Spatial profiling of endoplasmic reticulum stress markers in tumor associated cells predicts patient outcomes in pancreatic cancer.

Introduction: The impact of endoplasmic reticulum (ER) stress in tumor-associated cells, such as cancer associated fibroblasts (CAFs), immune cells and endothelial cells, on patient outcomes in clinical specimens have not been examined. For the first time, we characterized the expression and spatial locations of ER stress markers, BiP and CHOP, in tumor-associated cells and assessed their prognostic significance in a panel of pancreatic ductal adenocarcinoma (PDAC) patient samples.
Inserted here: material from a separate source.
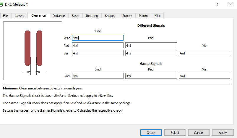 The W5500 gives me clearance errors between all pads, while the distance between the pads is well within the allowed pad-distance of the DRC. distance between pads is 7.9mm.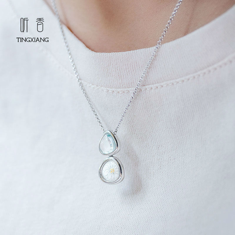 Currently, we have two version necklace, one with pearl while another one with blue crystal.

Methods: Multiplex immunofluorescence was performed on tumor microarrays and images were analyzed using HALO AI software.

Results: BiP and CHOP were upregulated in CAFs and endothelial cells in PDAC sections relative to non-neoplastic pancreas sections. High BiP expression in CAFs and endothelial cells was associated with greater vascular invasion and in immune cells was correlated with increased tumor size. High CHOP expression in immune cells correlated with poor patient survival. CAFs and immune cells were more likely to express BiP or CHOP when located close (< 20 μm) to tumor cells. High expression of CHOP in CAFs close to tumor cells correlated with improved patient survival.

Conclusion: For the first time, this study demonstrated that ER stress occurs in CAFs and immune cells predominantly in proximity to tumor cells in PDAC patient tissue. The correlation of high ER stress in immune cells with poor patient survival highlights the importance of the TME and the use of spatial analysis for the identification of novel biomarkers.